🤖 AI Summary
Existing clustering methods (e.g., K-means, DBSCAN) struggle with multimodal, non-convex, nested, and noisy data, often relying on predefined parameters or global structural assumptions. To address these limitations, we propose Deep-driven Local Centroid Clustering (DLCC). DLCC introduces the novel concept of *local data depth*, overcoming the inadequacy of global depth in characterizing multimodal structures; designs a density-sensitive intra-cluster validity metric to assess internal quality of non-convex clusters; and incorporates subset-based depth ranking with a parameter-free, adaptive mechanism for local centroid identification. Extensive experiments demonstrate that DLCC significantly outperforms state-of-the-art methods on datasets featuring diverse shapes, non-convexity, nesting, and noise. Crucially, DLCC requires no prior specification of the number of clusters, exhibits strong generalizability, and maintains robustness and practical utility across heterogeneous scenarios.
📝 Abstract
Cluster analysis, or clustering, plays a crucial role across numerous scientific and engineering domains.
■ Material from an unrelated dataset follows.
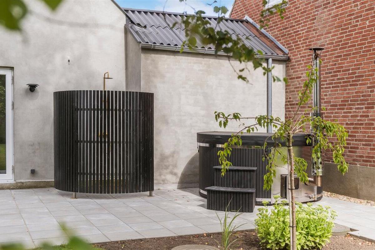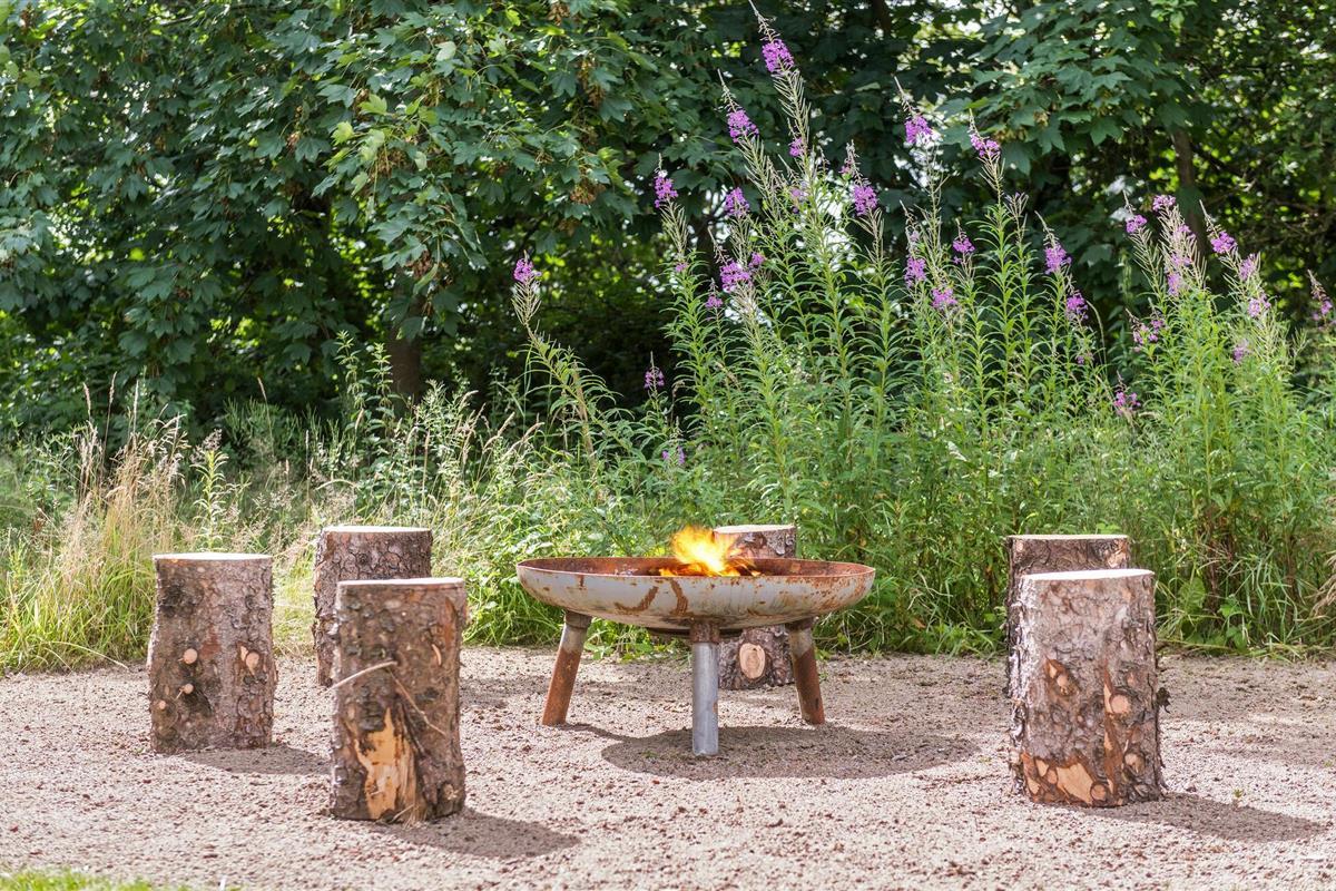 Het terras is een hoogtepunt. Ontspan in het Finse houten bad of maak gebruik van de grote buitendouche. De ruime tuin biedt volop ruimte om te spelen, zonnen, barbecueën en samen te eten in de buitenlucht. Je kunt ook de varkens, konijnen en schapen voeren die op het landgoed leven.

Despite the wealth of clustering methods proposed over the past decades, each method is typically designed for specific scenarios and presents certain limitations in practical applications. In this paper, we propose depth-based local center clustering (DLCC). This novel method makes use of data depth, which is known to produce a center-outward ordering of sample points in a multivariate space. However, data depth typically fails to capture the multimodal characteristics of {data}, something of the utmost importance in the context of clustering. To overcome this, DLCC makes use of a local version of data depth that is based on subsets of {data}. From this, local centers can be identified as well as clusters of varying shapes. Furthermore, we propose a new internal metric based on density-based clustering to evaluate clustering performance on {non-convex clusters}. Overall, DLCC is a flexible clustering approach that seems to overcome some limitations of traditional clustering methods, thereby enhancing data analysis capabilities across a wide range of application scenarios.